▸ WORK ITEM:
Where the listing below has a line with "阿雷指向一旁的台阶,共有几百", write out exactly that line and every line after it, stopping after the line with "Im Erdgeschoss befindet".

▸ DATASET RECORDS:
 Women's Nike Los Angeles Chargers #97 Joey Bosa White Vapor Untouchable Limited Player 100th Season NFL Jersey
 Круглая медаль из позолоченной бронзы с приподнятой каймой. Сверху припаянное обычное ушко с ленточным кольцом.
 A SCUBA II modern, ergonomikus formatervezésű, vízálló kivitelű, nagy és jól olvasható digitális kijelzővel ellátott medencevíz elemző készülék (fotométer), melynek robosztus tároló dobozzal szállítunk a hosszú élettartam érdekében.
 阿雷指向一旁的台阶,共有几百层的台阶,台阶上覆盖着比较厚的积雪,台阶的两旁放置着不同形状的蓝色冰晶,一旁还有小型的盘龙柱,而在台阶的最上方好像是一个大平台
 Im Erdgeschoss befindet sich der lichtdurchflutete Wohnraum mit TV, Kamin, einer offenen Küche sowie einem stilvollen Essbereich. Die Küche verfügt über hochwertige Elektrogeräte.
...
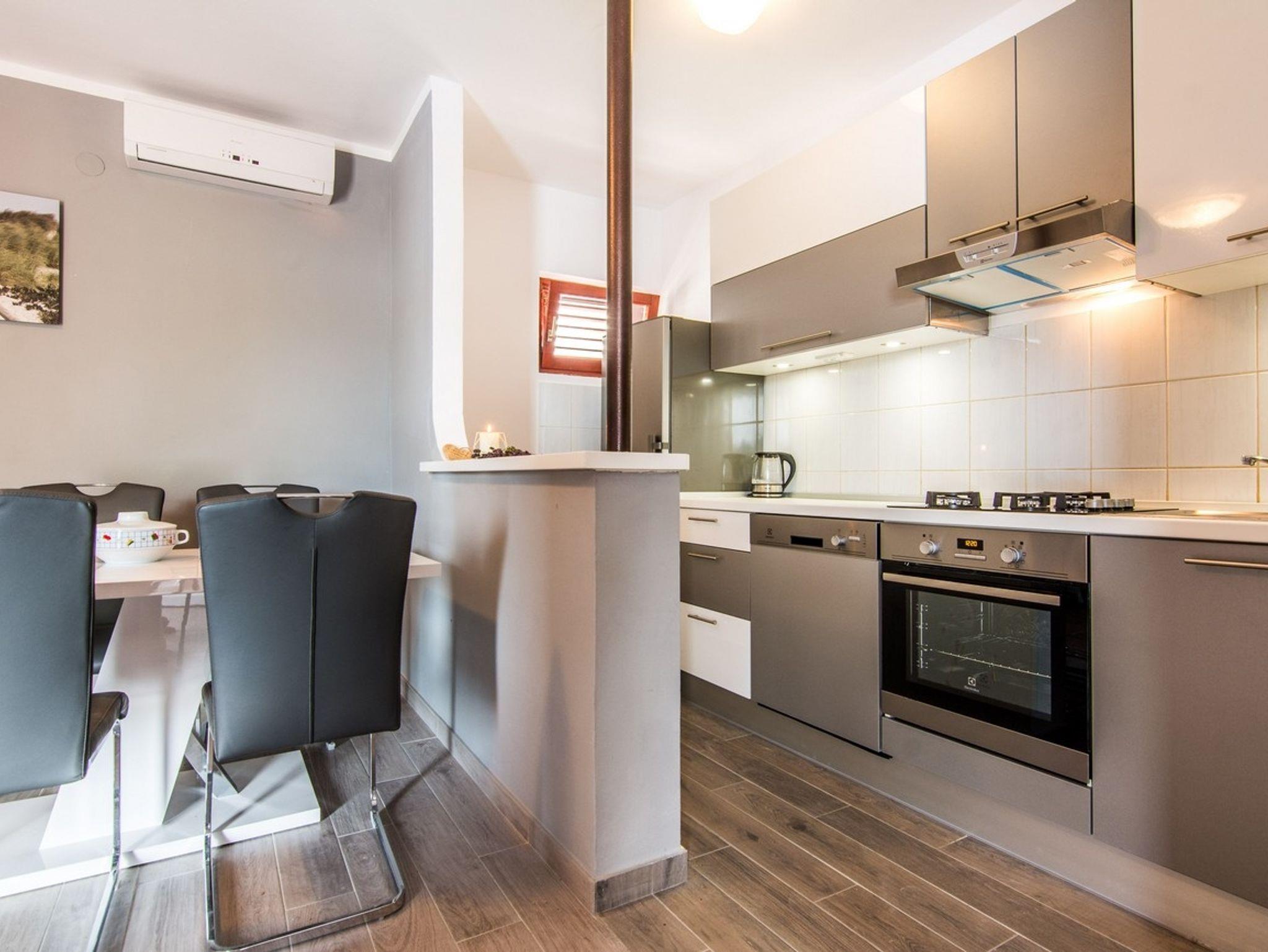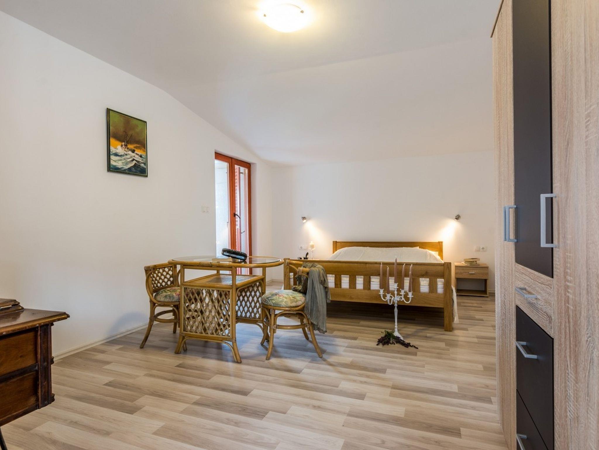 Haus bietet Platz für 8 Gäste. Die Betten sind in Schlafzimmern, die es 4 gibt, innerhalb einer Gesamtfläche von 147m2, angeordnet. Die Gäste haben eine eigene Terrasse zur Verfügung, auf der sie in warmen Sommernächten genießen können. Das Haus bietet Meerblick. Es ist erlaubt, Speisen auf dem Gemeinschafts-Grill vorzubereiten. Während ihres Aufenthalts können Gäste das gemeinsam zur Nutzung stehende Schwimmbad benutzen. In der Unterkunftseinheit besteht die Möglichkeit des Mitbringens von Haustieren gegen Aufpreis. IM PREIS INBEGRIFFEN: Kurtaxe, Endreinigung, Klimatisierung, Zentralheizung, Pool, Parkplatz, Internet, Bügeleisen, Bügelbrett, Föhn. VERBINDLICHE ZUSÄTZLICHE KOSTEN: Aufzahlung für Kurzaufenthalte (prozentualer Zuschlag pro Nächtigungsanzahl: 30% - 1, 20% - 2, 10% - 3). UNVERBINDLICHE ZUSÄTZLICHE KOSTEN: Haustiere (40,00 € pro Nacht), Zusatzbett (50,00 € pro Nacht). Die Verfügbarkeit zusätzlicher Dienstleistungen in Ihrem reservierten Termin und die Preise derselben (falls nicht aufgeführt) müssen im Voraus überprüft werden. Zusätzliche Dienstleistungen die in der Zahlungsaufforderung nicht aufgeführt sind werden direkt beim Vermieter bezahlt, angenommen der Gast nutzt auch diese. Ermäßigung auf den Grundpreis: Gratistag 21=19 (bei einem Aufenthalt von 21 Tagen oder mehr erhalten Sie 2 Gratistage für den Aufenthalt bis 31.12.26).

▸ SOLUTION TO THIS PROBLEM:
 阿雷指向一旁的台阶,共有几百层的台阶,台阶上覆盖着比较厚的积雪,台阶的两旁放置着不同形状的蓝色冰晶,一旁还有小型的盘龙柱,而在台阶的最上方好像是一个大平台
 Im Erdgeschoss befindet sich der lichtdurchflutete Wohnraum mit TV, Kamin, einer offenen Küche sowie einem stilvollen Essbereich. Die Küche verfügt über hochwertige Elektrogeräte.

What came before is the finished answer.